Flicker taught her how to mend a rent in a dragonet’s wing. The thin, supple wing membrane was also extraordinarily sensitive, so he first had her find the right combination of herbs–numb wort, tergaroot and pungent wandering monk’s-flower–which Lia helped to prepare two ways, firstly for eating and secondly, for smearing on the wound to numb it. Then, having readied thorn needles and thread, she was equipped for the task. Fra’aniorian lace embroidery, regarded as the finest in the Island-World, was an art form of which Hualiama had only ever scratched the surface. Flicker made her demonstrate her sewing skills on leaves before he allowed her near his wing. This triggered a hissing-contest between Human and dragonet.
She drew together the ragged edges of his wing membrane and set her nimble fingers to the task, starting by gluing together two severed wing struts, which to her resembled cartilage but were clearly much stronger, and then working on the surface itself.
Lia muttered, “Your wing surface is amazing. Are these all tiny muscles along here?
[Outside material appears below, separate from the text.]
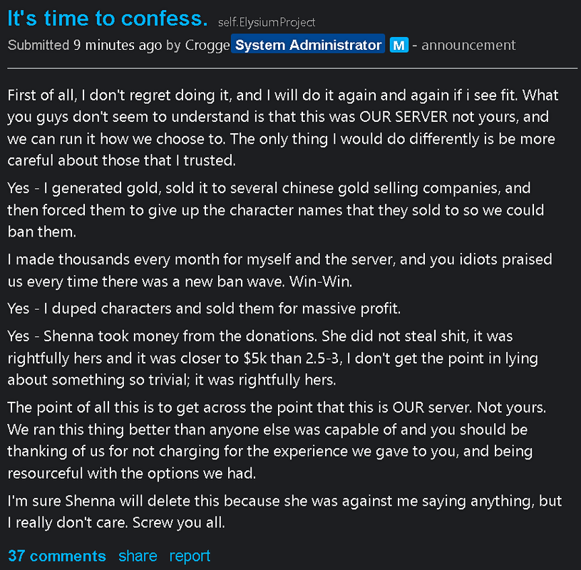 >>563967029I can't imagine anyone actually fucking BUYING gold on a server that might not even get any updates anymoreWhy are they doing it? Who the fUCK are these people? Are they even people?

Get your muzzle out of the way, silly.”
Shards take it, straw-head, I’ll bite you if you make a single mistake with that needle.
“Will you pack the fangs away?”
A Dragon’s wing has three joints, Flicker began in his pompous lecturing tone, pointing at them with his tongue.
Hold still, she replied in Dragonish.
He sniffed, Listen to your teacher, you ignorant talking ape.
Shall I sew your lips together? Lia replied, with her sweetest smile.
How’s about I chew your flapping ears into an actually pretty shape? The dragonet seemed pleased by her rippling laughter. Now, the shoulder joint is also the primary wing joint, anchoring the major flight muscles to the keel bone of the chest. The secondary wing joint is akin to your elbow, but it bends forward through one hundred and ten degrees or more, and can be fixed in place by the action of the muscles. And the tertiary joint here, toward the end, is like your wrist, but much more useful, of course.
Oh, of course, Hualiama put in, biting her lip as she concentrated.